Why didn't Britain invade the USA during the Civil War?
Seems an ideal chance to knock a rival out of the picture, and gain an ally.
Why didn't Britain invade the USA during the Civil War?
Seems an ideal chance to knock a rival out of the picture, and gain an ally.
The USA was an irrelevant literal who? right until about 1918. No need to meddle.
They were massive competitors with England's steel trade and were one of the fastest growing nations on the planet. Whilst they weren't a superpower yet, everyone knew they would be.
Also, it restores prestige.
Supporting the Confederacy made sense from a realpolitik standpoint, but there was little political support and Britain didn't have that big of a military presence in Canada.

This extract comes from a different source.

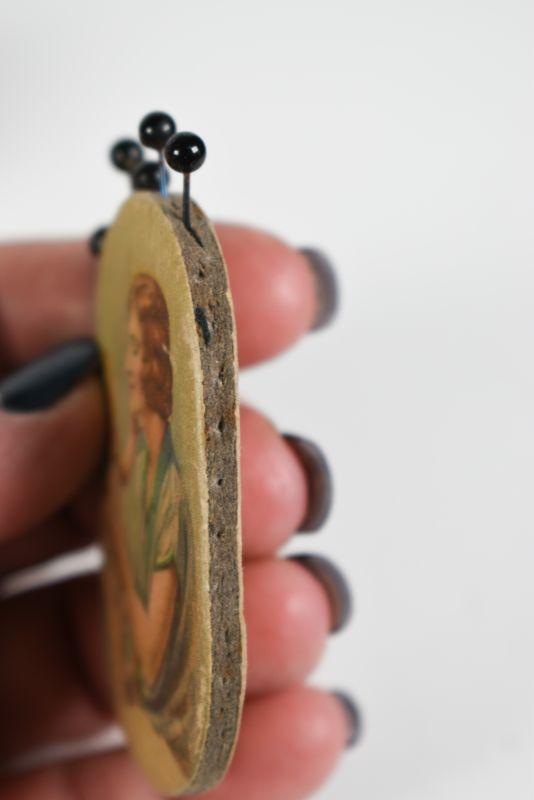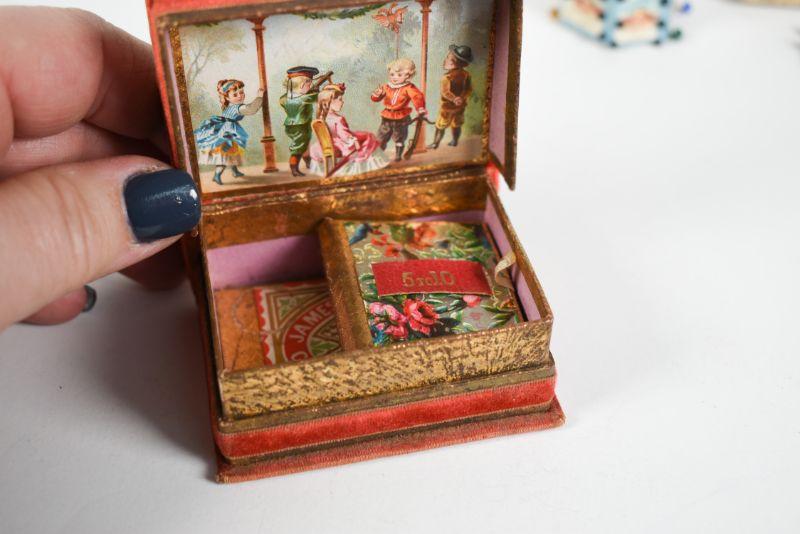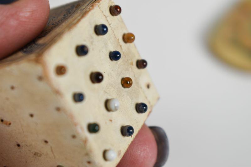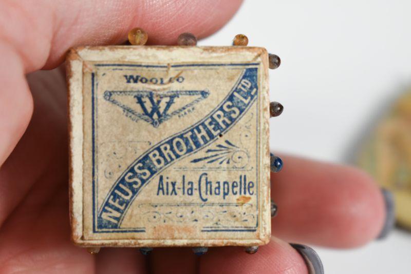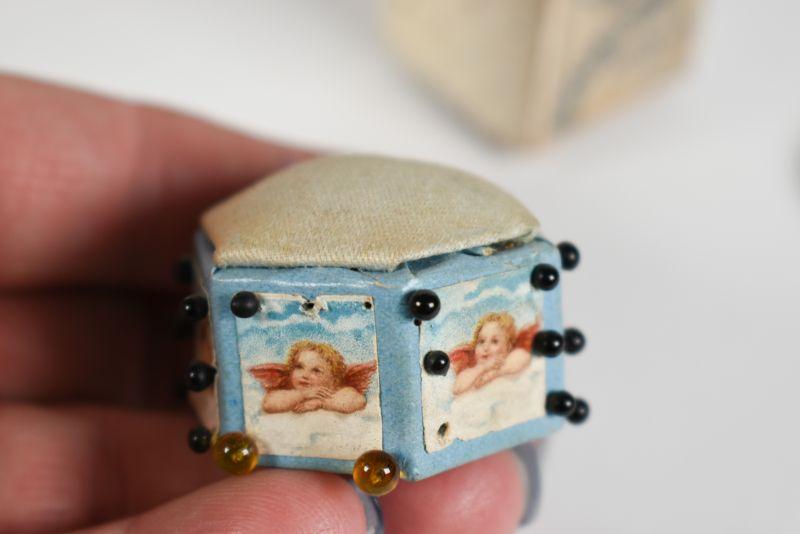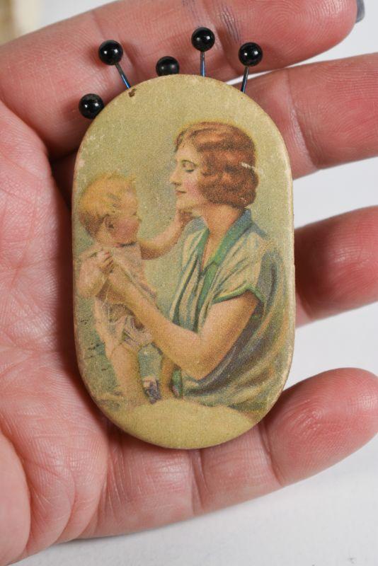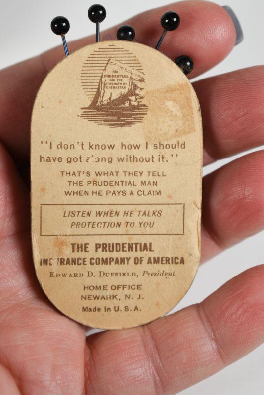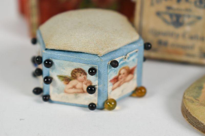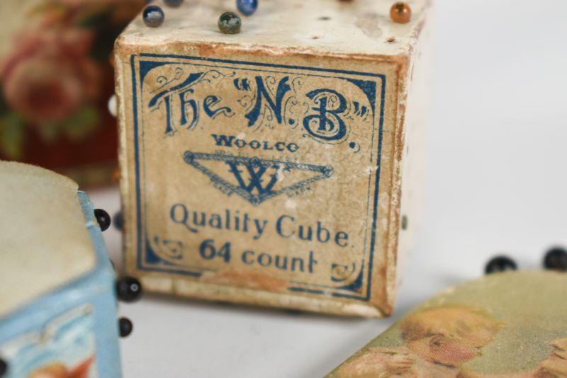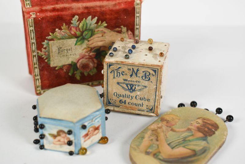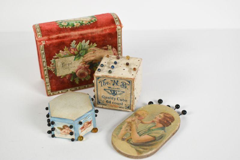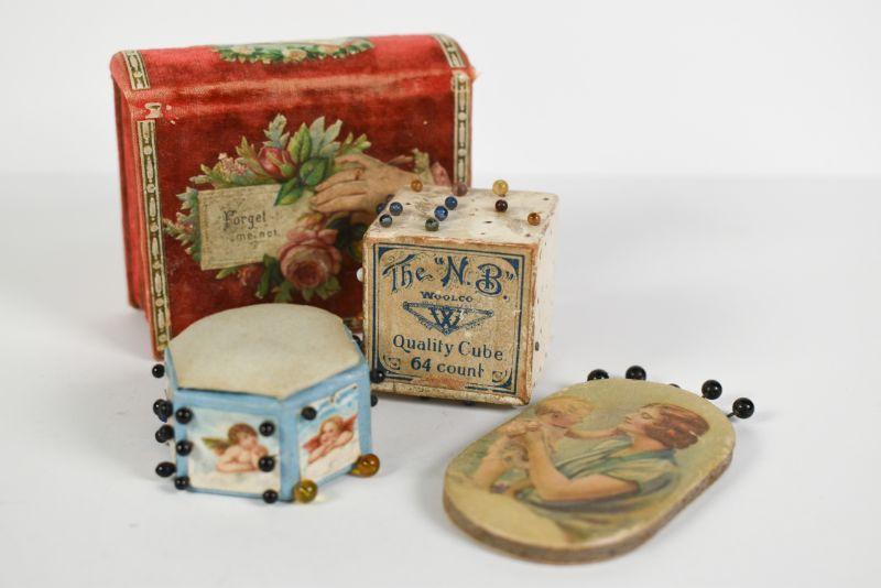 Pin holders with advertising and beautiful needle box. **Please read Terms and Conditions before placing a bid. Pick up is Sunday, December 22 from 11am to 3pm or Monday, December 23 from 4pm-7pm in Mantua, NJ. All sales are final. All sales are as is, where is. Please review all photos. Props are not included. Measurements are approximate.

Direct British intervention against the United States also would have sparked a war with Russia, who backed the Union (again as a counterweight to Britain in the Atlantic/Americas rather than due to political ideals), even stationing their Pacific fleet at San Francisco.
cuz the south proved they were losers at Antietam
>restores prestige
>implying it needed restoring
Peasant
Yeah, but what actually could Russia do? they don't share a land border with the UK.
I would say it has been far better for Britain in the long run to have an independent US: Britain is seen as a lenient supporter of national determination and gets a 'cousin' who can be relied on to support 'British core beliefs' down the decades to come.
Almost like that brother you don't talk to anymore, but would still stick up for you if shit hit the fan.
the UK is on an island, nobody shared a land border with them
The positive relationship between the Uk and the Us wasn't really a thing until 1941.
Also, the South had way more in common with the British than the North did.
I'm referring to foreign colonies as well.
Not worth it
Think about the possible outcomes
>Bloody the USA's nose a little, achieve nothing, wound pride and hurt trade relations
>Commit a total invasion force ensuring complete American defeat. Far too big and fiercely nationalistic to puppet state, too powerful to puppet by proxy under the South
Would've been a mistake on pair with Versailles
>Also, the South had way more in common with the British than the North did
That's more a Southern perspective than a British one because southerns were all teaboos
Brits were liberals. North was liberals. Brits ended slavery to have wagecucks who could buy their goods. Nuff said.
Why do the southerners claim to, out of curiosity?
What exactly happened to put the South on the side of the British? The dichotomy was originally southern/Anti-federalist/Democrat/French versus northern/Federalist/Whig/British, iirc.
At the time, the South had the silly idea that the British would want to protect it's source of cheap cotton textiles. what the south didn't know was that British investors feared an American civil war or slave rebellion would happen in the American south, so they had alternative sources for cotton in Egypt and India set up for that.
Because the amount of soldiers the Union and the Confederacy mobilized after first Bull Run made it impossible for a group of a few thousand marines to have any significant effect. 40 thousand soldiers travelling by sea for months to reach the new continent? dead within a week of fighting.
Financial suicide, pointless, waste of lives
orly?
What British interests are furthered with a military action in the ACW? They don't need cotton. They would have to defend what-would-be-Canada along a wide border of barely inhabited frontier land (aka the entire 49th parallel north) unlike the War of 1812. The North has a lot of manpower and a lot of industrial base, and the British would have to deal with guerilla/abolitionist movements in whatever land they did occupy. Britain's global standing would be hurt. Slavery was not in vogue by the middle 1800's in Europe, going to war to defend slavers would certainly hurt relations with the continent.
I don't see Britain doing anything but naval actions in the ACW.